Posted 09 September 2012 - 11:37 AM

Would this just be plain old a fourier series? It's been a long time since my last math course.

Basically, I would like to have a small number of coefficients that I can use to represent a function that varies with the angle around a point in a 2d plane. This sounds like what spherical harmonics are often used for (global illumination affecting a point) but with one less dimension.

Could anyone suggest a website/tutorial somewhere that could show me how to do this? I have an engineering math background, but it's been about 15 years since I touched it :-).

### #2Álvaro  Members

Posted 09 September 2012 - 06:12 PM

Would this just be plain old a fourier series?

Yes, that's exactly what it is. I don't know of any websites or tutorials that could help you. I also studied this in school 15 years ago, but I happen to remember it.

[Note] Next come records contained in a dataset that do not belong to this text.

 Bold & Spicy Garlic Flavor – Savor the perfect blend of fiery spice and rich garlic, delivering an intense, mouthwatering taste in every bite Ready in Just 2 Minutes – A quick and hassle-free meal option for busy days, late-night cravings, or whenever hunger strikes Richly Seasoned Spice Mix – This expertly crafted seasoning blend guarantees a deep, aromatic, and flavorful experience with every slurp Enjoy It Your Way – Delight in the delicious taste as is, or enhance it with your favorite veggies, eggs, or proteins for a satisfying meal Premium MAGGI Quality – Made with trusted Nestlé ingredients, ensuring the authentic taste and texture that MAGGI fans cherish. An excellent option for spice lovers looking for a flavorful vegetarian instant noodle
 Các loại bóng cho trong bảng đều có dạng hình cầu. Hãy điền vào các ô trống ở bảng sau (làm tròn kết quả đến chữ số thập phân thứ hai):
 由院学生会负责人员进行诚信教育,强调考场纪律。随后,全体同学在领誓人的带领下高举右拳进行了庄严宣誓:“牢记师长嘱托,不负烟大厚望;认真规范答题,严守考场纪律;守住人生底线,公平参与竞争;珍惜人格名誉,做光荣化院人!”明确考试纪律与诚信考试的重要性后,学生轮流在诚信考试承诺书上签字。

Try to read just anything you can find on it and it will probably all come back. If it doesn't, feel free to ask more specific questions and I'll try to help.

### #3phil_t  Members

Posted 10 September 2012 - 12:31 PM

Thanks Alvaro.

I found this slide deck:
http://www.cdeep.iitb.ac.in/nptel/Electrical%20Engineering/Power%20System%20Protection/digital_protection/DPLectures/lec32.pdf

That helped me code up what I want (a series of coefficients that lets me approxiate an arbitrary function).

### #4phil_t  Members

Posted 11 September 2012 - 08:12 PM

I was using this to try to generate terrain reflecions in water. I wrote up a brief article describing my findings so far:

http://mtnphil.wordpress.com/2012/09/12/faking-water-reflections-with-fourier-coefficients/

### #5Álvaro  Members

Posted 12 September 2012 - 12:51 AM

I think I can help with the performance issues.

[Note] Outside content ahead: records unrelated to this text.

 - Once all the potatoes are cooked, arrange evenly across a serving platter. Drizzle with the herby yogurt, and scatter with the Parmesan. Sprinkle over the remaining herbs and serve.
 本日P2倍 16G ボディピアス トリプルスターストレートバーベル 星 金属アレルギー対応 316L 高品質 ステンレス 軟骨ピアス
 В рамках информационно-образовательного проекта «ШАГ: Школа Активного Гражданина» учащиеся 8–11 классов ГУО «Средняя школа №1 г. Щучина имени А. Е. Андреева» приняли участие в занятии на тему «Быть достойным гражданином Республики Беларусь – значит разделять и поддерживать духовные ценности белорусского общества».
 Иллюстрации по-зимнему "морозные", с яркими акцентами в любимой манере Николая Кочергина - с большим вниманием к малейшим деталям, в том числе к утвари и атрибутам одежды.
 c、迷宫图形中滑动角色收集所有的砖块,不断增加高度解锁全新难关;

Let's say you have a unit-vector (x,y) that points in a direction, and you want to evaluate a Fourier series up to a few terms at that particular direction. The naive thing to do (and what you seem to be doing) is:
alpha = atan2(y,x);
result = C_0 + C_1*cos(alpha) + S_1*sin(alpha) + C_2*cos(2*alpha) + S_2*sin(2*alpha) + ...;

Notice how C_1 is just x and S_1 is just y, so you could skip going through alpha for those terms. Now it turns out that
C_2 = cos(2*alpha) = cos(alpha)*cos(alpha) - sin(alpha)*sin(alpha) = x*x - y*y
S_2 = sin(2*alpha) = 2*cos(alpha)*sin(alpha) = 2*x*y

Similarly, you can compute all the terms in your expression without ever going through alpha, so you don't need to call atan2, sin or cos even once.

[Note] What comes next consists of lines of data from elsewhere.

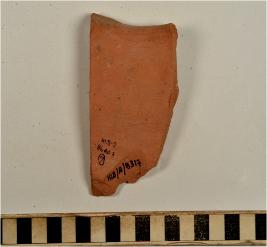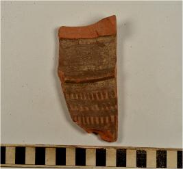 | Description / विवरण | A potsherd of red ware having ridges painted with black showing horizontal band filled with vertical strokes on exterior of medium fabric. |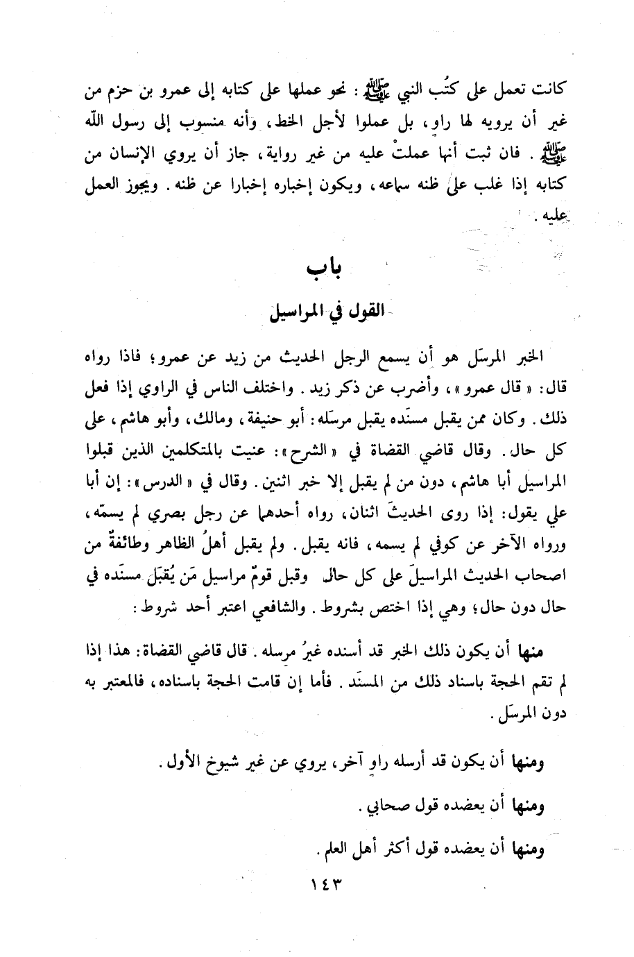 كَانَت تعْمل على كتب النَّبِي صلى الله عَلَيْهِ وَسلم نَحْو عَملهَا على كِتَابه إِلَى عَمْرو بن حزم من غير أَن يرويهِ لَهَا راو بل عمِلُوا لأجل الْخط وَأَنه مَنْسُوب إِلَى رَسُول الله صلى الله عَلَيْهِ وَسلم فان ثَبت أَنَّهَا عملت عَلَيْهِ من غير رِوَايَة جَازَ أَن يروي الْإِنْسَان من كِتَابه إِذا غلب على ظَنّه سَمَاعه وَيكون إخْبَاره إِخْبَارًا عَن ظَنّه وَيجوز الْعَمَل عَلَيْهِ - صَلَّى اللَّهُ عَلَيْهِ وَسَلَّم َ - بَاب القَوْل فِي الْمَرَاسِيل - صَلَّى اللَّهُ عَلَيْهِ وَسَلَّم َ -
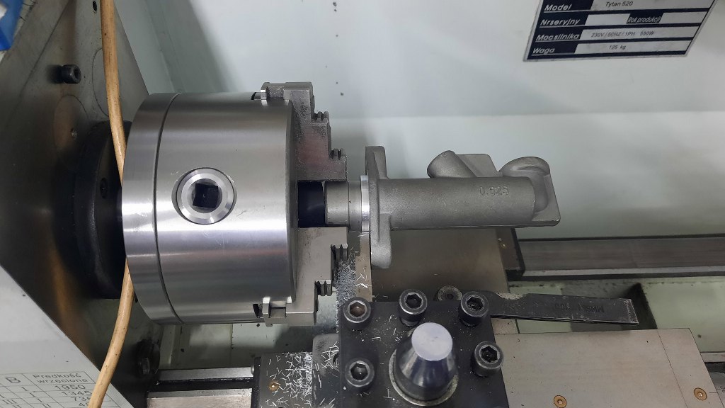 Następna rzecz do przerobienia, to średnica pompy i otwór w karoserii. Rozstaw śrub jest właściwy, ale pompa ma o 1mm za dużą średnicę. To też dość łatwo poprawić na tokarce.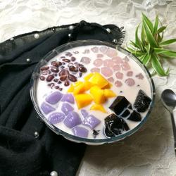 13.Put in grass jelly, taro balls or small yuanxiao, honey red beans, and cherry blossom pearls respectively.Then pour the milk tea base.You can also use milk base or coconut milk base.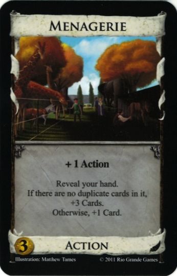 Naturally, Menagerie works well with all those Cornucopia cards that encourage or promote variety. It is a (very) soft counter to Cursing attacks and Swindler, which tend to give you cards you would not have bought.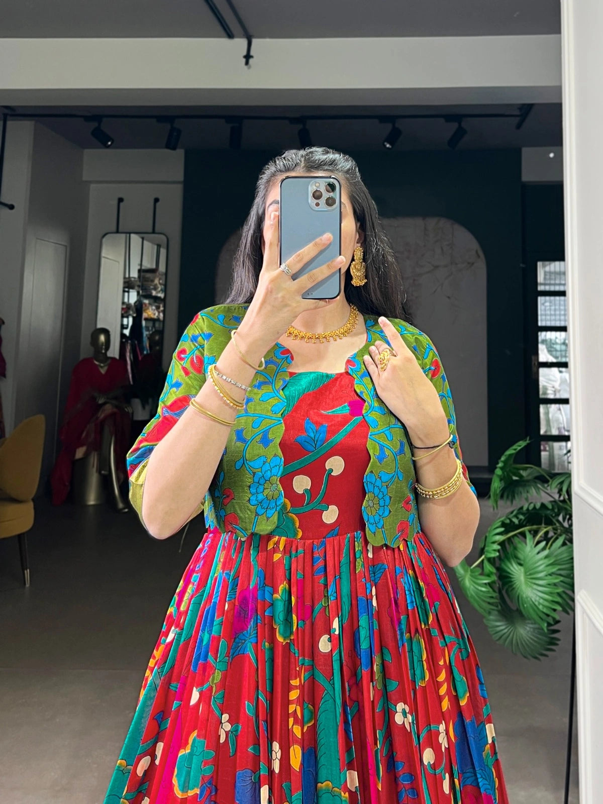 | Work | Kalamkari Print with Detailed Weaving Bold prints, flawless flare — a gown that makes every moment feel festive 🌸✨ |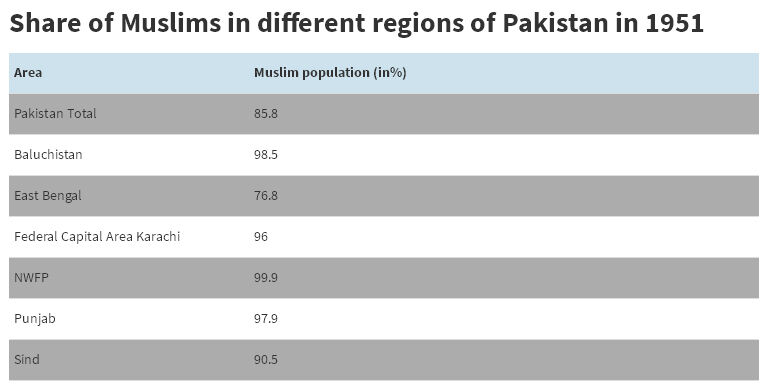 1951ലെ കാനേഷുമാരി പ്രകാരം പാകിസ്താന് എന്നറിയപ്പെട്ടിരുന്ന പ്രദേശത്തെ മൊത്തം ജനസംഖ്യയുടെ 96.56 ശതമാനവും മുസ്ലിംകളായിരുന്നു. ചുവടെയുള്ള പട്ടിക അവിഭക്ത പാകിസ്താനിലെ അഞ്ച് പ്രവിശ്യകളുടെയും മതപരമായ ഘടന വിശദമാക്കുന്നുണ്ട്.

The easiest way of getting the formulas right is to think of the complex number z = cos(alpha)+i*sin(alpha) = x+i*y. Now z^n = cos(n*alpha)+i*sin(n*alpha). So by repeated multiplication by z you get all the terms you need.

That's probably enough detail for you, but if it isn't feel free to ask about whatever part isn't clear.

### #6phil_t  Members

Posted 12 September 2012 - 01:30 AM

Thanks! I've got it down from 65 to about 31 shader instructions using a slightly different method. I'll try yours and see what it gives me.

edit: your post was very helpful, I've got it down to 22 instructions for 8 coefficients. Yay!

Edited by phil_t, 12 September 2012 - 02:09 AM.

### #7Álvaro  Members

Posted 12 September 2012 - 10:28 AM

They are probably cheaper instructions as well (I doubt a GPU can do atan2 in a single cycle).

Edited by alvaro, 12 September 2012 - 10:38 AM.

### #8phil_t  Members

Posted 12 September 2012 - 11:59 AM

Yeah, that estimation already takes that into account. An atan2 ends up taking 21 "instruction slots", and a sincos takes 8.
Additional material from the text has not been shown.